The Plaintiff also contends that when it learnt of the purported registration, it moved with speed and had the Criminal Process invoked.
I have considered the application, the supporting affidavits, Replying Affidavits and Submissions by Counsel.
For this Court to consider whether the suit was filed with the authority of the Plaintiff Company through a valid resolution or otherwise and whether the application has any merits, it must in essence determine who are the lawful directors of the Company. The Defendants rely on the letter dated 3rd March 2006 from the office of the Registrar – General which sets out the list of directors of the Company. It includes the 3 Defendants as directors. The Plaintiff in its reply alleges that this is a forged document and the 3 Defendants are imposters. The Plaintiff denies that the three are directors and members of the Plaintiff Company.
In the light of the foregoing, I hereby do find that there is a serious dispute between the Plaintiff and the 3 Applicants herein as to the authenticity and validity of the letter dated 3rd March, 2006. There is a serious controversy as to the true and lawful directors of the Company. The Plaintiffs alleges that the letter is a forgery.
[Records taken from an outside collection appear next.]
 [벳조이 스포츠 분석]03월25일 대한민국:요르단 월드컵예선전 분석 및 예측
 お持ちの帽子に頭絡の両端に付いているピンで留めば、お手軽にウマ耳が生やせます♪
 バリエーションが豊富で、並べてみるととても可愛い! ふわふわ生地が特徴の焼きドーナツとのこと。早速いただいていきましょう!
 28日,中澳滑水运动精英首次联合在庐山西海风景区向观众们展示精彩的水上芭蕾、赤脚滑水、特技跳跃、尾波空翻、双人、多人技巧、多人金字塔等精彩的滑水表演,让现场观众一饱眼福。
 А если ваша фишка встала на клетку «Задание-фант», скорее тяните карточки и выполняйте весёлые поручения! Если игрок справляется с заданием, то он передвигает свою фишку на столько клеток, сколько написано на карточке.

It claims that it has commenced Criminal proceedings against the three Defendants though there is no evidence before this Court that the matter was referred to the Police.
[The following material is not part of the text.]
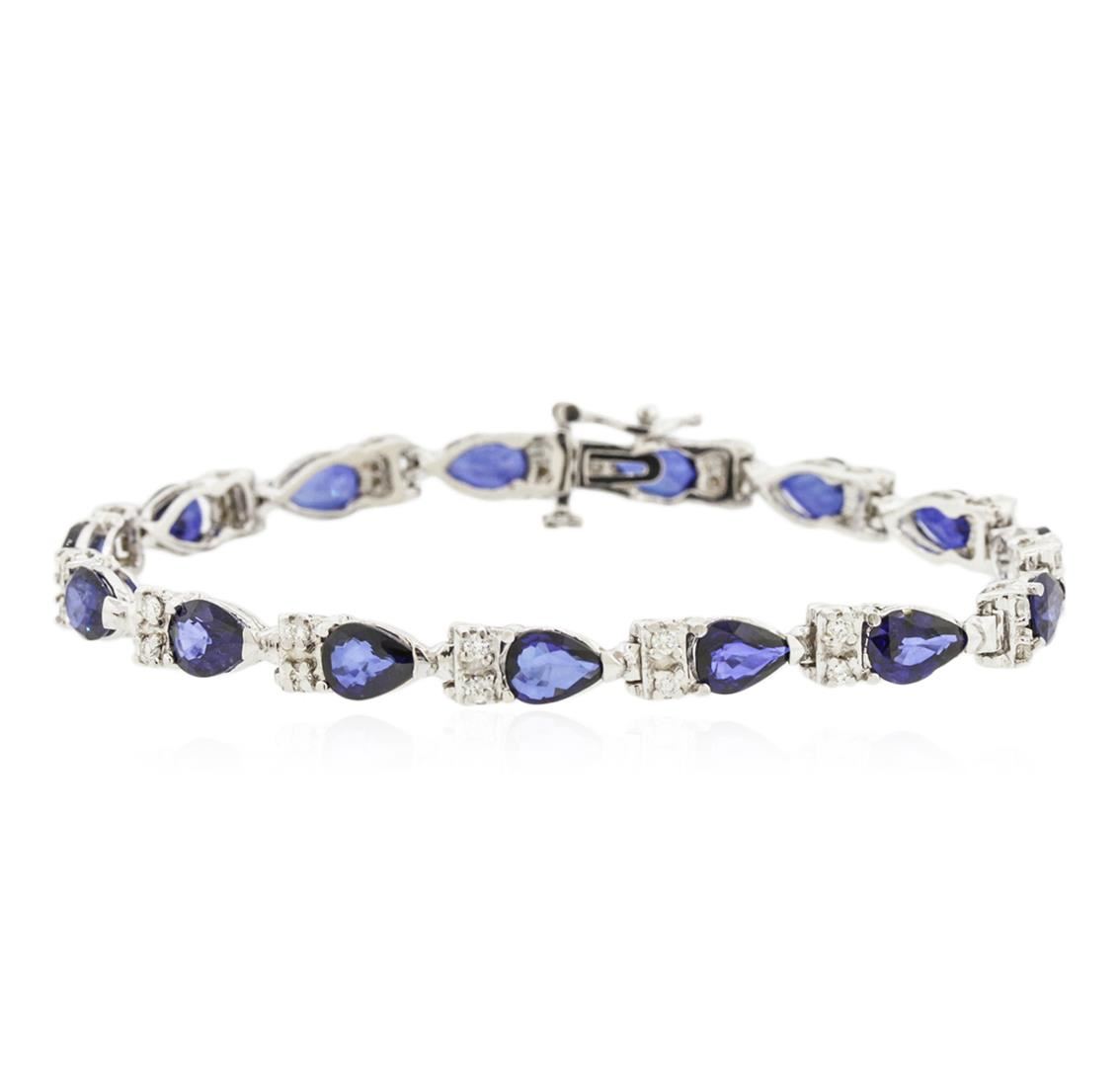 One electronically tested 14KT white gold ladies cast sapphire and diamond bracelet with a hidden box clasp with safety closer with a bright polish finish. Measurements: 7 " in length Identified with markings of "14K". Condition is new. Containing: Fifteen prong set pear modified brilliant cut natural blue sapphires, measuring 7.50 x 5.00 x 3.25mm, approximate total weight of 14.70ct., clarity is eye clean, type II, medium light, very slightly grayish, blue color, (GIA B 4/3), cut is good. Thirty prong set round brilliant cut diamonds, measuring 1.80 - 1.80 x 1.08mm (depth est.) approximate total weight of 30 Stones = 0.64ct. Clarity: SI-2 to I-1. Color: I - J, Cut is Good. Colored gemstones are presumed to have been subjected to commonly used enhancement processes. All diamonds and colored gemstones are graded in the mounting, unless otherwise stated. Total Weight of Colored Stones 14.70ct. Total Weight of Diamonds 0.64ct. Total Weight of Bracelet 12.80 grams. GGL Appraised at $5,980.00.

This Court at this stage is unable to determine and rule as to who were the true and lawful directors of the Company at the time the Suit was instituted. The affidavits and contents are not adequate for a fair and accurate finding by the Court on this contentious issue.
There are two possible ways for this question to be determined. These are:-
1. Either these proceedings to be stayed for investigations to be carried out by the Registrar of Companies or the Police,
2. The parties amend their pleadings to include this question so that it is determined within the suit.
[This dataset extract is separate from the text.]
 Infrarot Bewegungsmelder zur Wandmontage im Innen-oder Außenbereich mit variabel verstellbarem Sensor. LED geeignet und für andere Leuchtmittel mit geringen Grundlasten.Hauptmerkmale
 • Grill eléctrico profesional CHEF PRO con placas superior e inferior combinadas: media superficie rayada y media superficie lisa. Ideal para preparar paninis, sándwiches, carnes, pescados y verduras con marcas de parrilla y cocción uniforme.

This Court would not direct stay of proceedings to enable Criminal Investigations to be carried out. This is a matter for the Plaintiff to consider. It would also delay the expeditious disposal of the suit. I would recommend that for an effectual and wholesome determination of this suit, that the 3 Defendants /Applicants do amend their defence to specifically respond to the allegation that they are not members of the Plaintiff Company as pleaded in paragraph 14 of the Plaint. It is noted that the 1st Defendant alleges that in August, 1997, it entered into a Sale agreement with the lawful representatives /agents of the Plaintiff, to wit, the 4th, 5th and 6th Defendants. This demonstrates that the dispute as to who are the true directors of the Company is a common issue between the parties.
In the light of the foregoing, this Court cannot strike out the Plaintiff’s suit on the ground that the suit has been instituted without the authority and resolution of the Company. It is not quite certain and clear at this stage as to who are the directors of the Company and authorized to institute this suit in the name of the Company. Equally, the alleged directorship of the 3 Defendants is seriously disputed and can only be determined upon a full hearing by way of viva voce evidence.
I therefore do hereby dismiss the Application. Since I think that the application was not frivolous in the circumstances considering the existence of the letter dated 3rd March, 2006, costs shall be in the cause.
Under the powers of this Court under Rule 13 (1), I do hereby order that the 4th, 5th and 6th Defendants do file an Amended Defence within the next 45 days (considering the on-coming Christmas
Vacation). Orders accordingly. The Plaintiff to file a Reply within 21 days of service.
DATED AND DELIVERED AT ELDORET ON THIS 20TH DAY OF DECEMBER 2007.